In Firefox there are small squares with letters inside… something like:
That’s the symbol Firefox uses to mean “I don’t know what this character is”. Mismatched charsets between how a document was saved and how the server sends is a popular method of getting little boxes/question marks/FBFB boxes on a page.
The document has to be saved
the same way your PHP is wrangling it
the same way the server serves it
the same way you state it in the meta tag (this is the least important one though as the server will always override this tag if they conflict)
The wierd thing is the doc appears normally in my Text Editor. Whether I look at it in Notepad, Notepad++, or Crimson the doc in question doesn’t have those little squares.
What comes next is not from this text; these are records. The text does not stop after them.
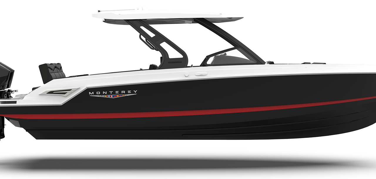 BRAND NEW MONTEREY 27 ELITE I/O MEDITERRANEAN BLUE & RIO RED EXTERIOR DUNE FLOORING & SEATING Stern Drive Bravo 3...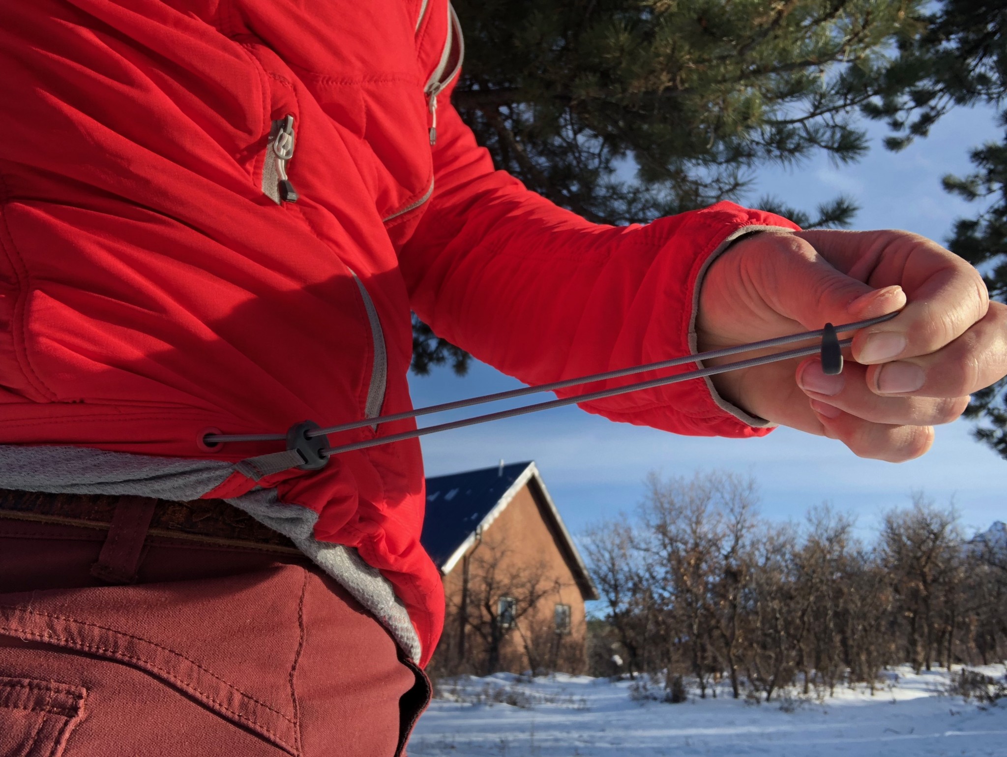 The single hem-string pull allows us to manipulate ventilation. By pulling it, you can attempt to keep warmth inside the jacket or keep it lose to let the heat seep out on its own. We also like the hood. It's fitted, but unfortunately doesn't have much room for a helmet or have any area for adjustments — so no pull strings on the back or around the hood lining.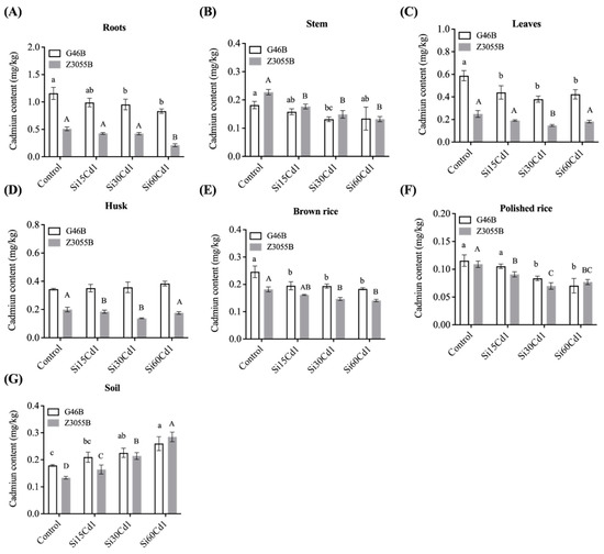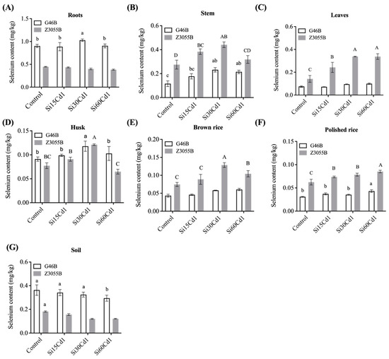 Cadmium content in various parts of soil and two different genotypes of rice. (A–G) Cadmium content in roots, stem, leaves, husk, brown rice, polished rice and soil of non-Se-enriched rice G46B and Se-enriched rice Z3055B, respectively. Data are mean ± SEM, n = 3 samples. Lowercase letters indicate significant differences in non-Se-enriched rice G46B (p < 0.05); Capital letters indicate significant differences in Se-enriched rice Z3055B (p < 0.05).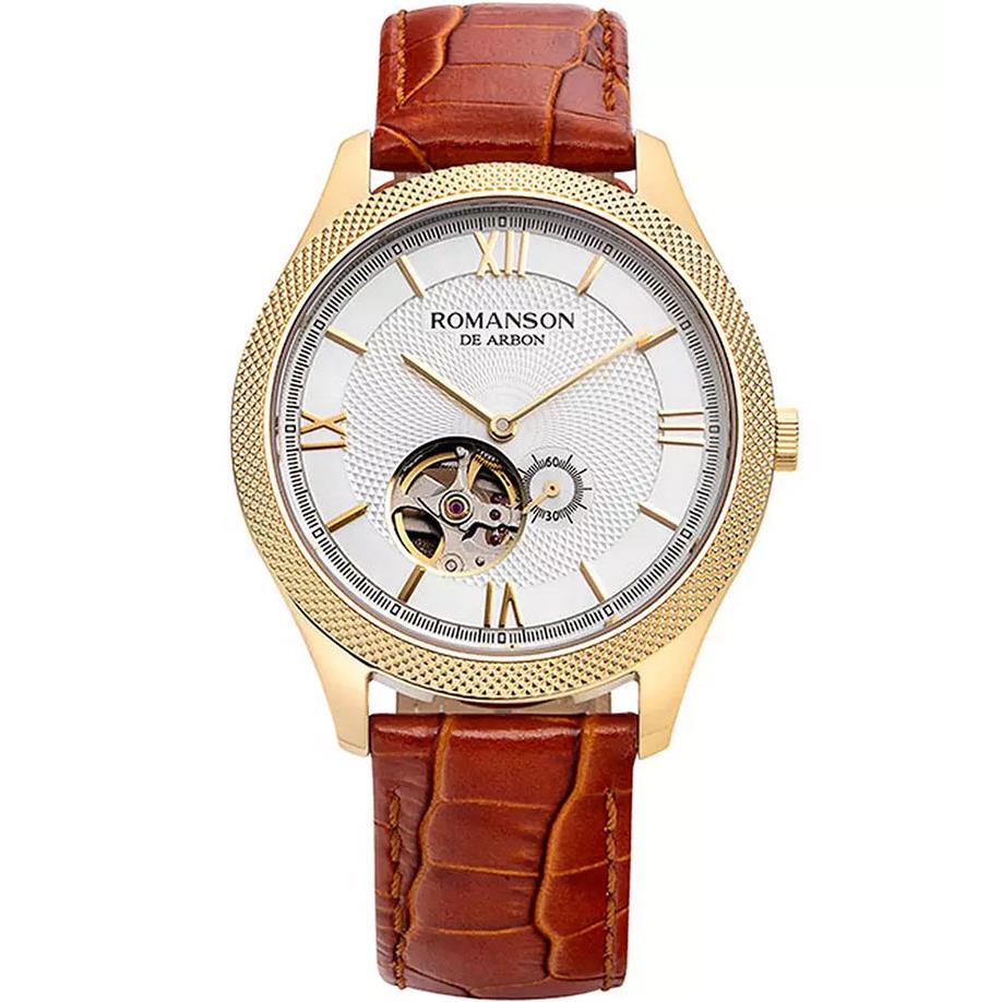 ساعت مچی مردانه رومانسون ROMANSON با طراحی روزانه بند چرمی قهوه ای با قاب گرد طلایی وصفحه سفید قلب باز و موتور سوییسی با انرژی باطری وقابلیت داشتن زیر ثانیه و مقاوم در برابر آب تا عمق 30 متر به همراه دو سال گارانتی بین المللی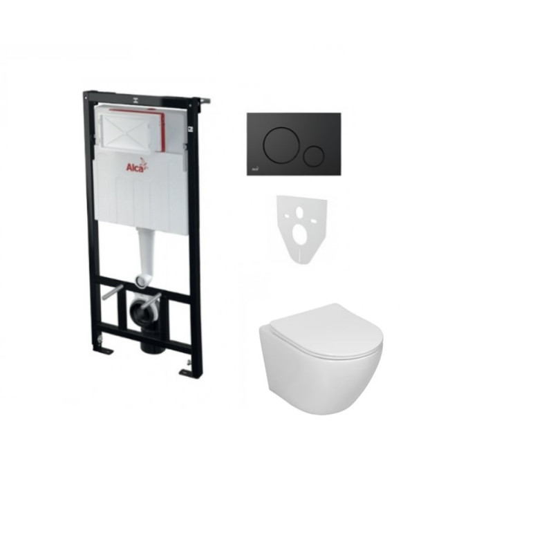 Žymos: Komplektas 4 in1 Alcadrain rėmas + mygtukas juodas matinis Sinto klozetas su sukūrinė vandens nuleidimo sistema ir lėtaegiu dangčiu SINTO-M678+AM101+M91 Klozetai ir rėmai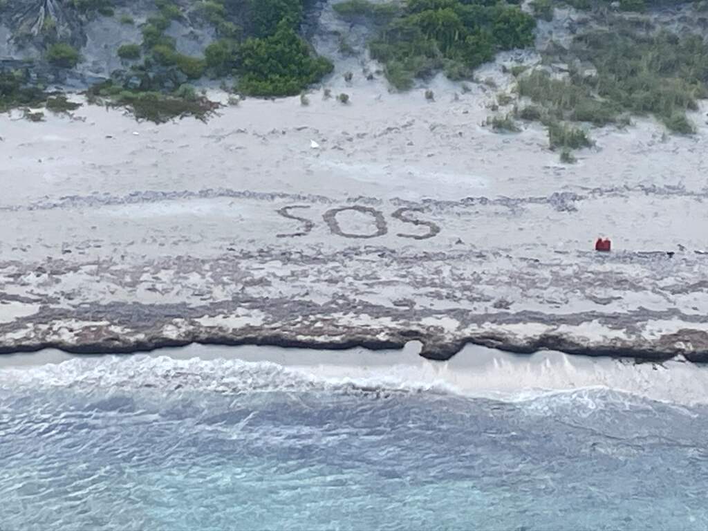 De kustwacht kreeg de man in het vizier nadat er lichtkogels waren gezien nabij Cay Sal. De man had op het eiland groot "SOS" in het zand geschreven.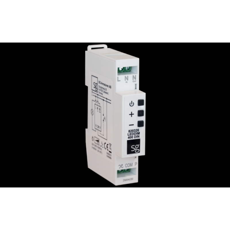 Emballage: 1Marque: SG LightingRéférence: 820326EAN: 7021988203262Libellé: LEDDim 400 DINDescription: LEDDim 400 DIN 400VA. mat.: polyamide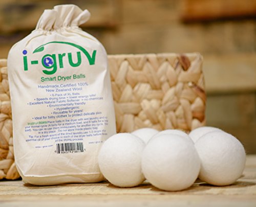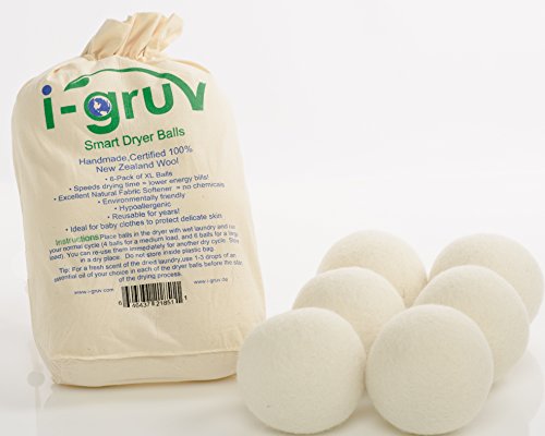 WOOL DRYER BALLS BY I-GRUV SET OF 6 XL ~ HAND MADE PURE ECO FRIENDLY 100% NEW ZEALAND WOOL, ALL NATURAL FABRIC SOFTENER ~ ANTI STATIC LAUNDRY, ~ ORGANIC, REUSABLE FELT HYPOALLERGENIC BALL ~ NO DRYER SHEETS ~ BEST FOR NEW BORN BABY MOM TO BE GIFT BASKET AND CLOTH DIAPERS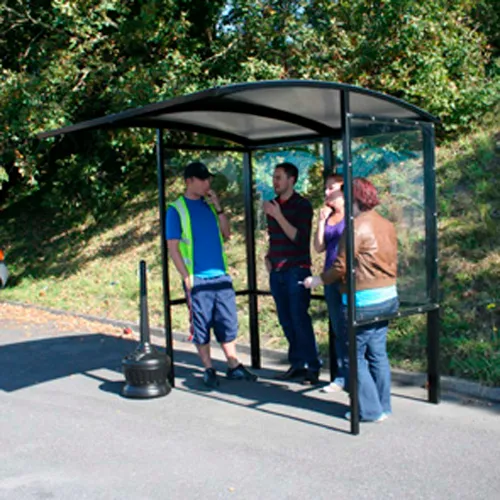 No Butts Open Front Smoking Shelter SR1604-BLK - Half Side Panels - 7'W x 7'D x 7'11"H Clear Roof

They appear only after I load the page to my server and look at it on the Internet. They appear in both IE and Firefox. As all my code in all my pages includes “charset=utf-8”, I’m perplexed by this (though when I save, the Encoding is set to ANSI… should I change that to UTF-8, too?). It’s not a big problem, just annoying seeing them on every page where I’ve used an apostrophe, colon, quote marks, etc.
What else can I do to get rid of them?
Thanks.
Addendum…
It pays to think outloud!
I went into one of the docs, resaved it, and changed Encoding to UTF-8 and the little squares are now gone and the punctuation appears normally. Now to make the change on ALL of them…
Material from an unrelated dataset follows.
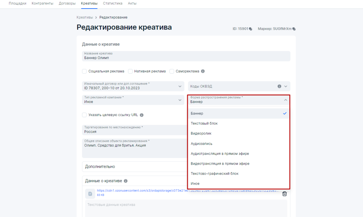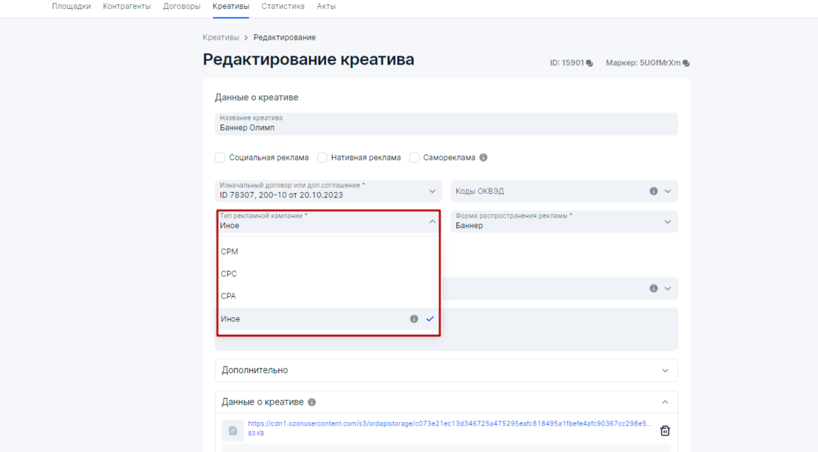 Стоит заметить, что все ОРД (оператор рекламных данных) имеют свою специфику в плане оформления интерфейса, но все они выполняют единые требования ЕРИР (единый реестр интернет-рекламы).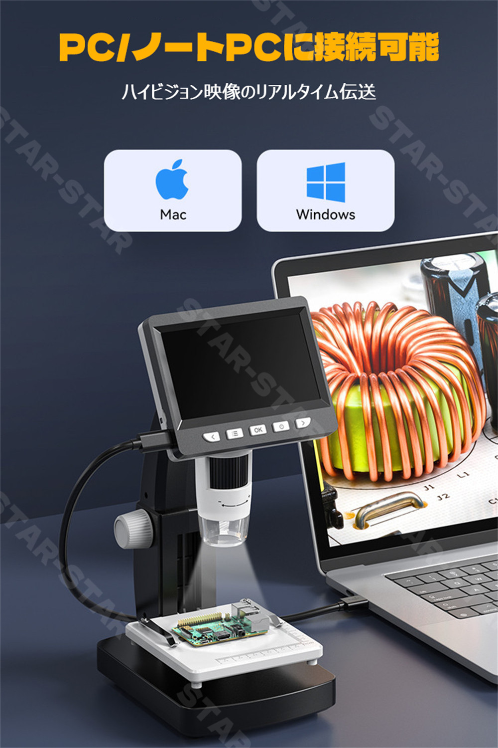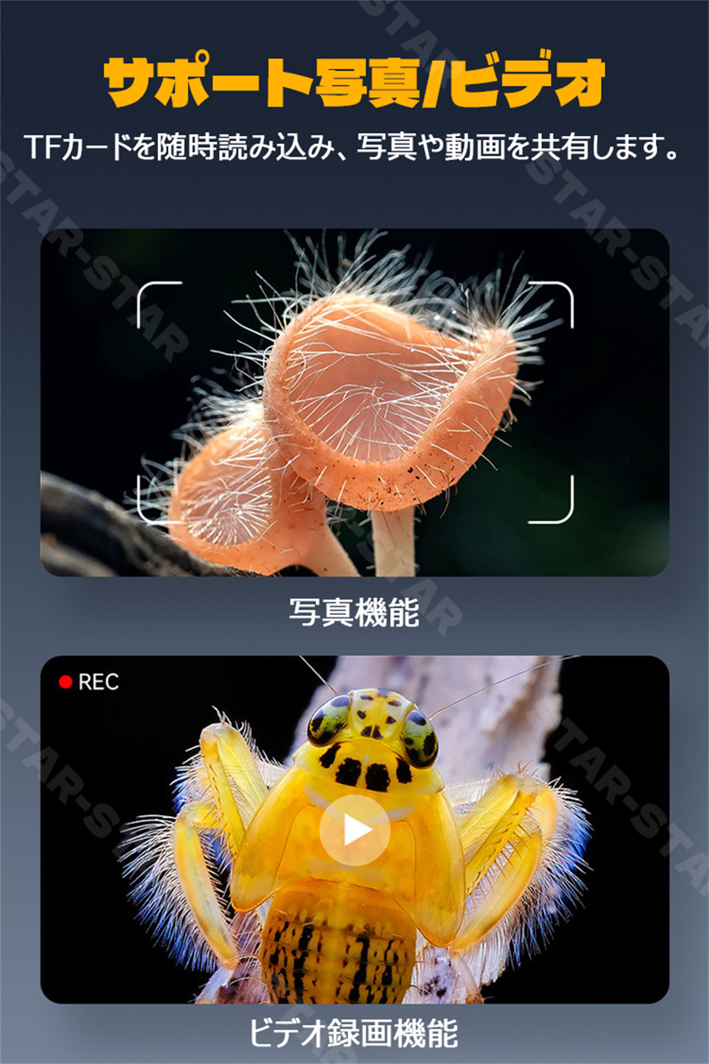 【画像と動画の保存と出力】撮った写真や動画をTFカード(別売り)で保存できます。動画が直接マイクロスコープでリプレイできます。

Still, why would it have done this when the charset was already set to utf-8?
Still, why would it have done this when the charset was already set to utf-8?
Because your meta tag will never mean anything if it doesn’t match the server…
but even if the server was also sending utf-8 but your document wasn’t saved as utf-8 then there is a mismatch… now the browser is trying to view an ANSI document but is told it’s utf-8…
kinda like hearing someone read Dutch words out loud but with English pronunciation… any Dutch person listening would not understand all of it and would be doing a lot of guessing which words were what.
It’s not that everything has to be utf-8, but that everything has to match. (and utf-8, despite what some people say, totally works with just about everything and supports way more languages and characters than many other charsets, so we recommend the one you choose is utf-8)
If it’s a brand new site then yes change the extension to php. But it should be noted that if it’s an established site by changing your extensions you will loose any google page rank you may have at least for a while. And any in coming links will be broken.